Detailed Explanation

Fermentation is a less effective way to obtain energy from glucose compared to aerobic respiration. While aerobic respiration breaks glucose down completely, allowing for significant ATP production (up to 38 molecules), fermentation only allows for a tiny fraction of that ATP (only 2 molecules). The difference in how quickly NADH is processed also highlights the efficiency of aerobic respiration, as it regenerates NAD+ much more effectively compared to fermentation.

Examples & Analogies

Consider a bicycle (aerobic respiration) that can take you anywhere with speed and power, compared to walking (fermentation). Walking will get you there, but it’s much slower and you won’t cover as much distance over the same period of time.

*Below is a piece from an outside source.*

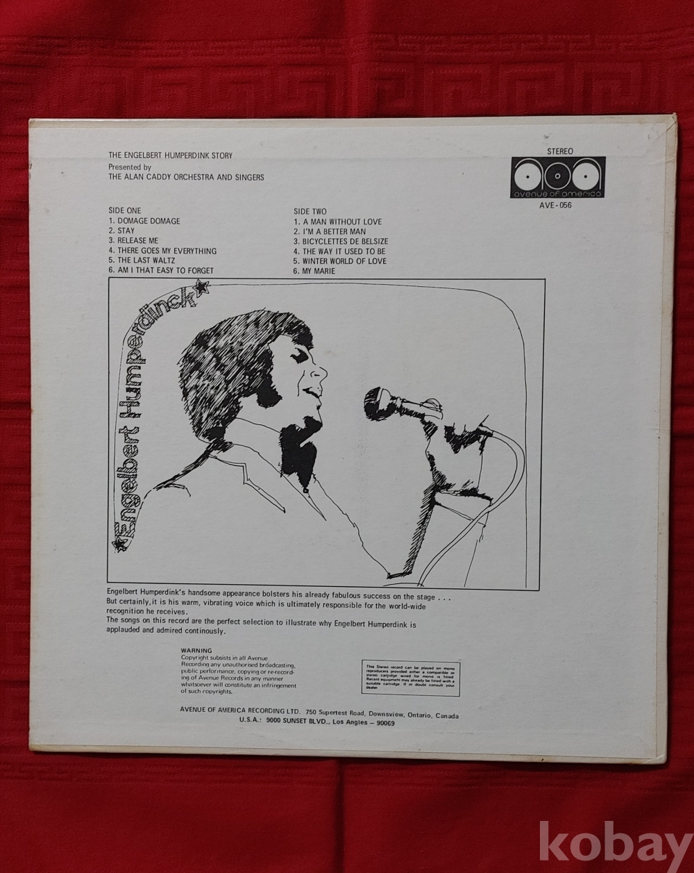 팝 락 / Englebert Humperdinck 앨범입니다 / 트랙은 별도로 제공합니다 / Nm/ 캐나다
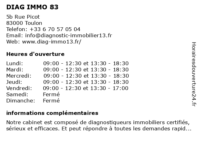 | Lundi | 09:00-12:30 et 13:30-18:30 |

Definitions & Key Concepts

Learn essential terms and foundational ideas that form the basis of the topic.

Key Concepts

  • Theoretical ATP Yield: The maximum theoretical ATP yield from one glucose molecule in aerobic respiration can be 38.

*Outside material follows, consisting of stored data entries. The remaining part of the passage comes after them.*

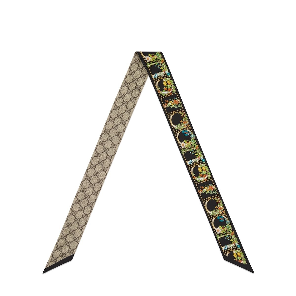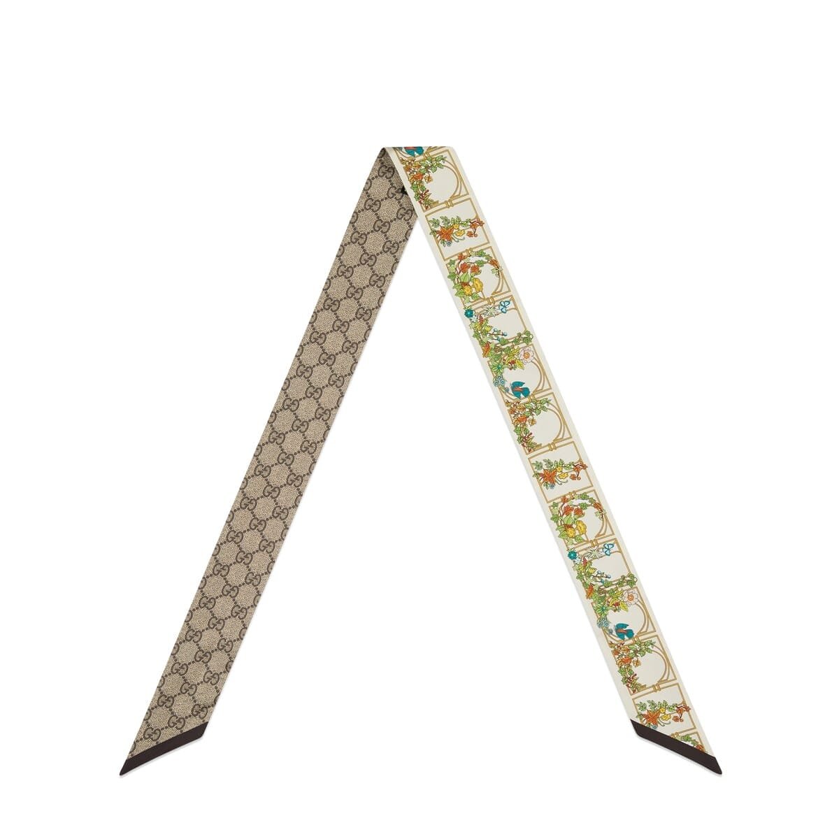 GUCCI Animal and floral print silk neck bow
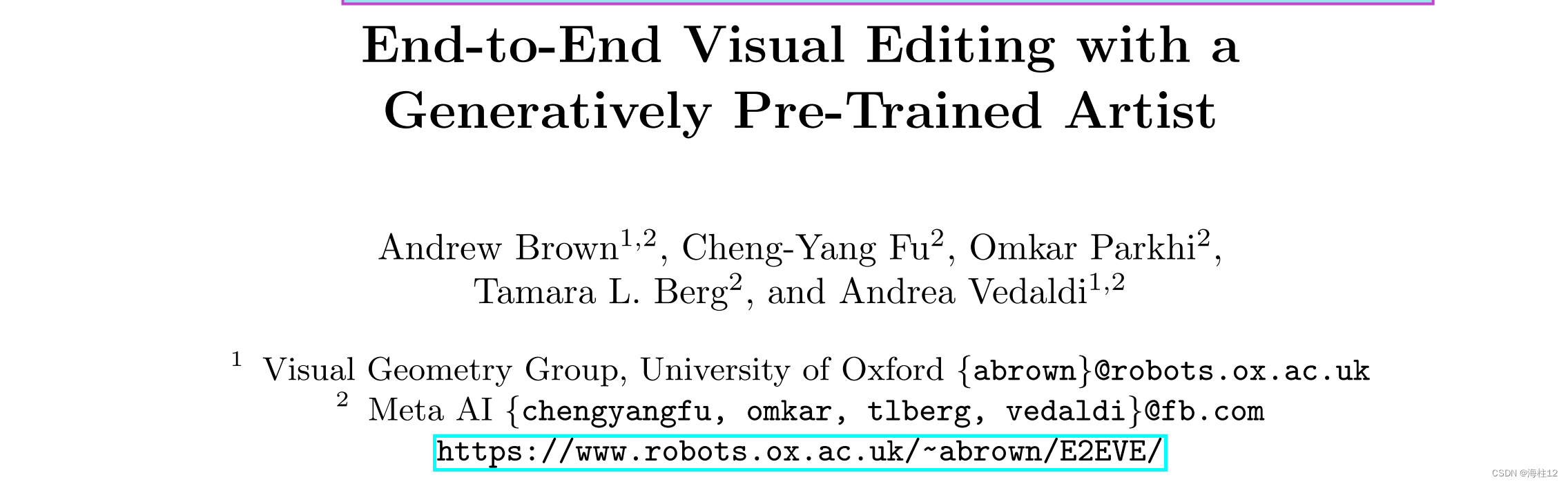 1.通过Generatively Pre-Trained Artist进行端到端的视觉编辑,End-to-End Visual Editing with aGeneratively Pre-Trained Artist。
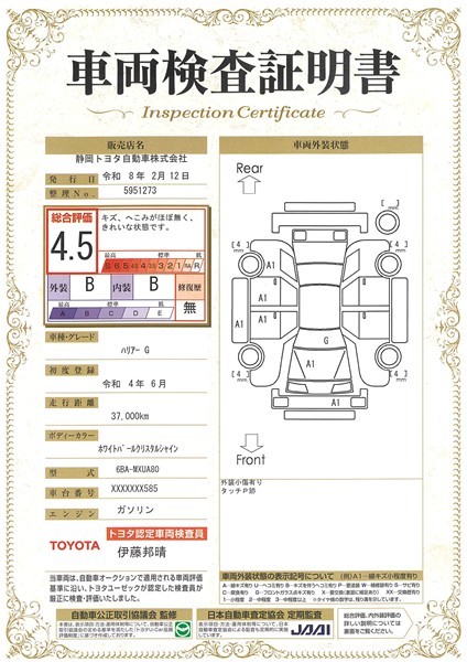 詳細及び現状の車両状態につきましては、店舗スタッフまでお尋ねください。 - 注2)上記と同様の評価点・状態表を「車両検査証明書」として店舗の展示車両に搭載しております。

  • Key Assumptions: Specific assumptions are made during ATP yield calculations including sequential processes and no alternate substrates.

  • Comparison of Respiration Processes: Fermentation yields only 2 ATP per glucose molecule whereas aerobic respiration yields much more.

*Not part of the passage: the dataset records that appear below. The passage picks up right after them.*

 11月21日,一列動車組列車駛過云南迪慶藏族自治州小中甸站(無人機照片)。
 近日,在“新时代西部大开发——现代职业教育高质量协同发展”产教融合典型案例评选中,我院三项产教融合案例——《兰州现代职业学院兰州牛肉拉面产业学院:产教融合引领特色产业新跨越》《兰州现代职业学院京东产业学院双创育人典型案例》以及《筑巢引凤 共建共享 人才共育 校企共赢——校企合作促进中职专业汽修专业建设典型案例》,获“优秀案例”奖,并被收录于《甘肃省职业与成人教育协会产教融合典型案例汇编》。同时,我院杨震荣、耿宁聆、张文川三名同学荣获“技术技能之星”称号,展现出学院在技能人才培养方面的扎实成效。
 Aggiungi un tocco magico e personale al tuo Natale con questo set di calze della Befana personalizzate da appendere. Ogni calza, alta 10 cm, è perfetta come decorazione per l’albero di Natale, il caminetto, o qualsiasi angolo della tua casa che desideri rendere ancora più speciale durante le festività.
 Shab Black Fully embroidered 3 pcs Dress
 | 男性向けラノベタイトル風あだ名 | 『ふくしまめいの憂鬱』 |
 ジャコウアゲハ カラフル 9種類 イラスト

Examples & Real-Life Applications

See how the concepts apply in real-world scenarios to understand their practical implications.

Examples

  • One glucose molecule theoretically yields 38 ATP during aerobic respiration, and only 2 ATP during fermentation.

  • Assumptions like a sequential glycolysis and Krebs cycle help us understand the maximum potential ATP yield.

Memory Aids

Use mnemonics, acronyms, or visual cues to help remember key information more easily.

🎵 Rhymes Time

  • When glucose goes through respiration, to ATP it makes a dedication. Thirty-eight, it's a fine creation!

📖 Fascinating Stories

  • Imagine a busy gas station where cars (glucose) are filling up with energy (ATP). The efficient stations provide 38 units, while the fast-food lane only gives 2, showing fermentation vs. respiration.

🧠 Other Memory Gems

  • Remember the double 38 - the great yield from oxygen's fate: 'Aero's Fresh Gain!'

🎯 Super Acronyms

AEROBIC

  • A: Energy Rises from Oxygens' Breakdown In Cells.

Flash Cards

Review key concepts with flashcards.

Glossary of Terms

Review the Definitions for terms.

  • Term: ATP (Adenosine Triphosphate)

    Definition:

    The primary energy carrier in cells.

  • Term: Oxidative Phosphorylation

    Definition:

    A process in aerobic respiration where ATP is produced due to the transfer of electrons.

  • Term: Fermentation

    Definition:

    An anaerobic process that allows glycolysis to continue by regenerating NAD+.